> _About this task_: Only the lines from the one with "2025業界新開発の双眼鏡&" through the final line below belong in the answer, copied exactly and without pictures.

> _Given information_:
● ● ● ● ● ● ●

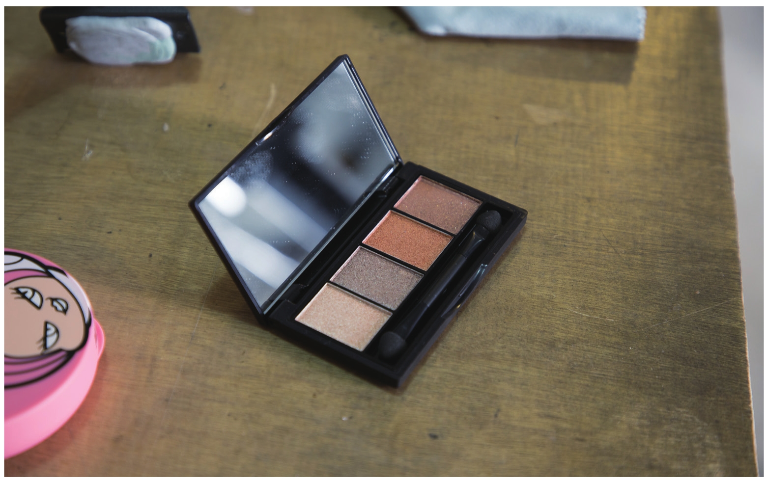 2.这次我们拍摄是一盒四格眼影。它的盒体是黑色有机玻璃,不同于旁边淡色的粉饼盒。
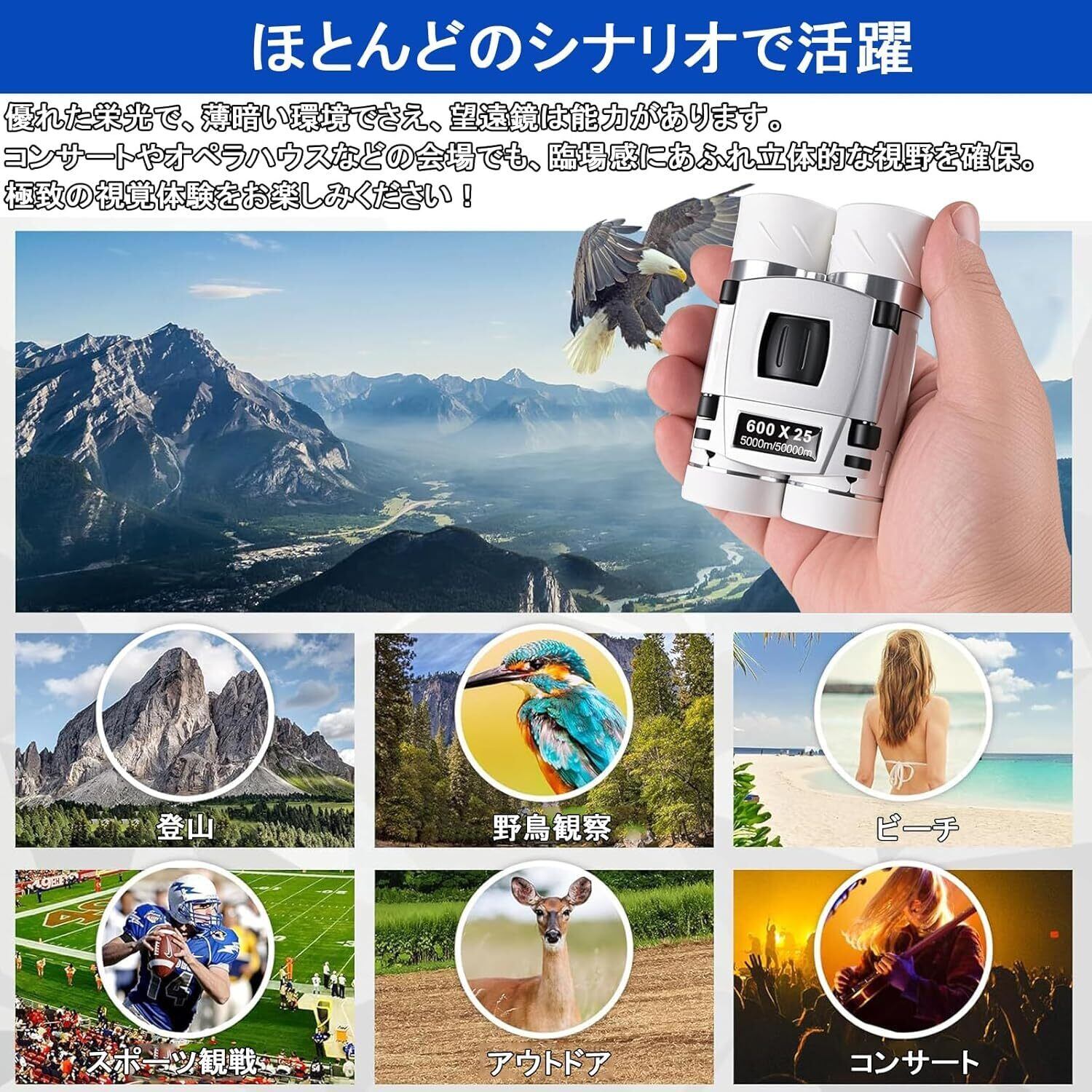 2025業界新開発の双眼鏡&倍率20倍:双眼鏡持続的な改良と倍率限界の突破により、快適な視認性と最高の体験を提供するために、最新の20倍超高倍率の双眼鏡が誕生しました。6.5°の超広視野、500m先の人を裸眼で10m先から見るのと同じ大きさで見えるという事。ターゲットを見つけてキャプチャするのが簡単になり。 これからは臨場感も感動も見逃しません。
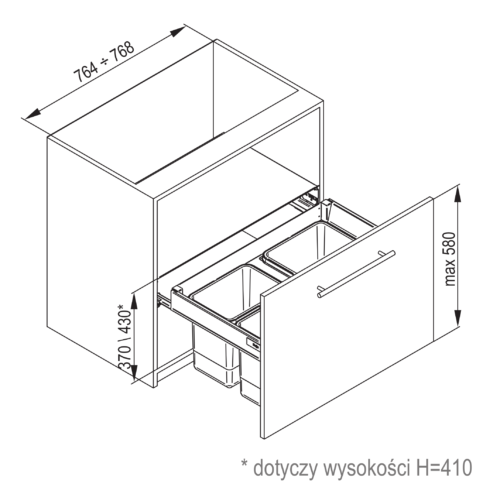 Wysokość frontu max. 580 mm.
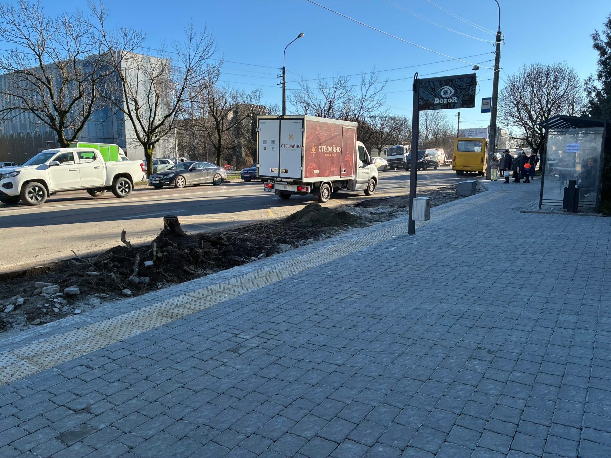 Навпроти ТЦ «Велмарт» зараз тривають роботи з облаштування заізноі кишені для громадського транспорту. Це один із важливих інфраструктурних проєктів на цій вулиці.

● ● ● ● ● ● ●

> _Written answer_:
 2025業界新開発の双眼鏡&倍率20倍:双眼鏡持続的な改良と倍率限界の突破により、快適な視認性と最高の体験を提供するために、最新の20倍超高倍率の双眼鏡が誕生しました。6.5°の超広視野、500m先の人を裸眼で10m先から見るのと同じ大きさで見えるという事。ターゲットを見つけてキャプチャするのが簡単になり。 これからは臨場感も感動も見逃しません。
 Wysokość frontu max. 580 mm.
 Навпроти ТЦ «Велмарт» зараз тривають роботи з облаштування заізноі кишені для громадського транспорту. Це один із важливих інфраструктурних проєктів на цій вулиці.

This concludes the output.